Records for the task ▸

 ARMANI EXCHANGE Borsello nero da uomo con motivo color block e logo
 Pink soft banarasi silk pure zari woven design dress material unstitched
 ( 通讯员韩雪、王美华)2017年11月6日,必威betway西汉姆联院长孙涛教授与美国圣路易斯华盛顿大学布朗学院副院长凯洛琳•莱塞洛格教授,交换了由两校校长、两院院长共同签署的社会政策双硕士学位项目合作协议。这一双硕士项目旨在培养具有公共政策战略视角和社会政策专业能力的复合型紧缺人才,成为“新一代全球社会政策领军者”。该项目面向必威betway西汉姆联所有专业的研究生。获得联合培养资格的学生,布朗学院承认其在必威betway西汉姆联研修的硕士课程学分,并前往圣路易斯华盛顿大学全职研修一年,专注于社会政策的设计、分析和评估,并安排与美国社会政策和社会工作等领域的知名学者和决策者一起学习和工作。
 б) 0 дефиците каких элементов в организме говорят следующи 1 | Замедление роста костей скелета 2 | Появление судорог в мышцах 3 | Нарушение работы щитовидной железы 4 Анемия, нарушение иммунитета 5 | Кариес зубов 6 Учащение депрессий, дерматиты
...
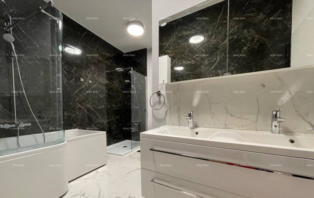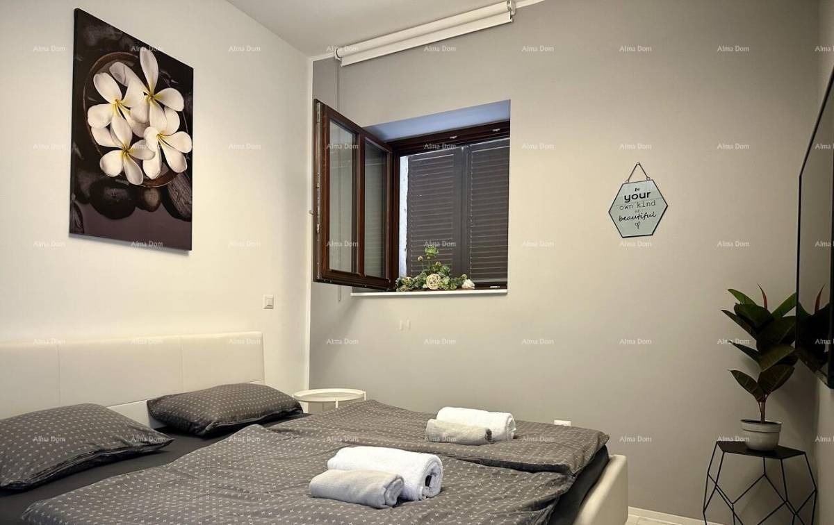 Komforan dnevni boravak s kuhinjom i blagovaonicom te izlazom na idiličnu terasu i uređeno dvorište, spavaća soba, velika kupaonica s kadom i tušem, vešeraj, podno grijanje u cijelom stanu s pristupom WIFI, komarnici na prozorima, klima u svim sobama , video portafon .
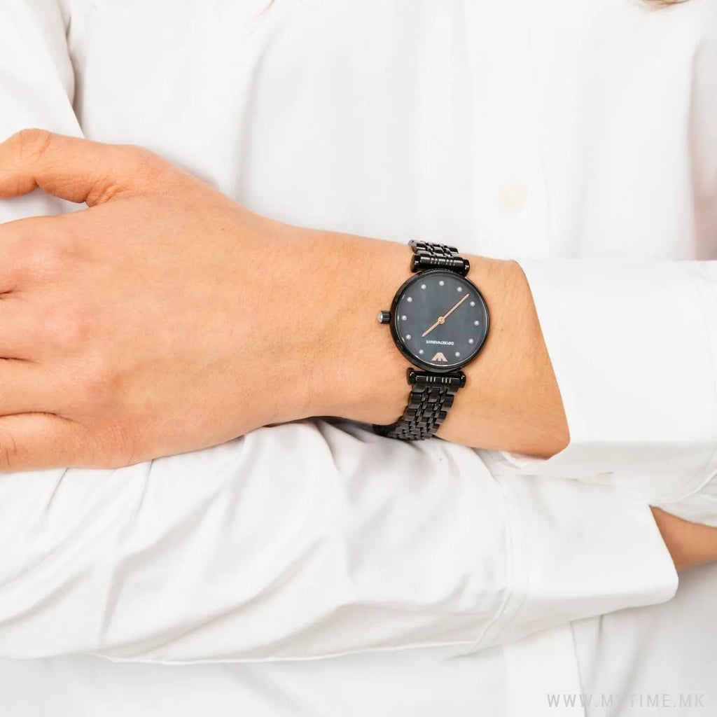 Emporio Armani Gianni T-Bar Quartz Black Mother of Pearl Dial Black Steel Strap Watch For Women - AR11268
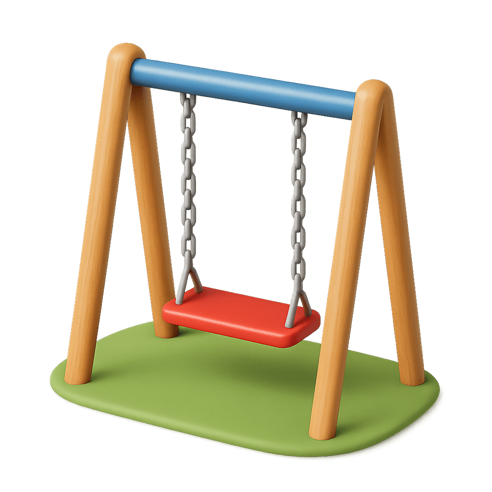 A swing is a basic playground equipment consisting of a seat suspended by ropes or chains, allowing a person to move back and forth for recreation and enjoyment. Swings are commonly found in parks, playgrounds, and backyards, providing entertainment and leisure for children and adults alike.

Task to carry out ▸ Using the entries above, repeat only the lines from the one containing "( 通讯员韩雪、王美华)20" through the one containing "б) 0 дефиците", end lines included.

Written solution ▸
 ( 通讯员韩雪、王美华)2017年11月6日,必威betway西汉姆联院长孙涛教授与美国圣路易斯华盛顿大学布朗学院副院长凯洛琳•莱塞洛格教授,交换了由两校校长、两院院长共同签署的社会政策双硕士学位项目合作协议。这一双硕士项目旨在培养具有公共政策战略视角和社会政策专业能力的复合型紧缺人才,成为“新一代全球社会政策领军者”。该项目面向必威betway西汉姆联所有专业的研究生。获得联合培养资格的学生,布朗学院承认其在必威betway西汉姆联研修的硕士课程学分,并前往圣路易斯华盛顿大学全职研修一年,专注于社会政策的设计、分析和评估,并安排与美国社会政策和社会工作等领域的知名学者和决策者一起学习和工作。
 б) 0 дефиците каких элементов в организме говорят следующи 1 | Замедление роста костей скелета 2 | Появление судорог в мышцах 3 | Нарушение работы щитовидной железы 4 Анемия, нарушение иммунитета 5 | Кариес зубов 6 Учащение депрессий, дерматиты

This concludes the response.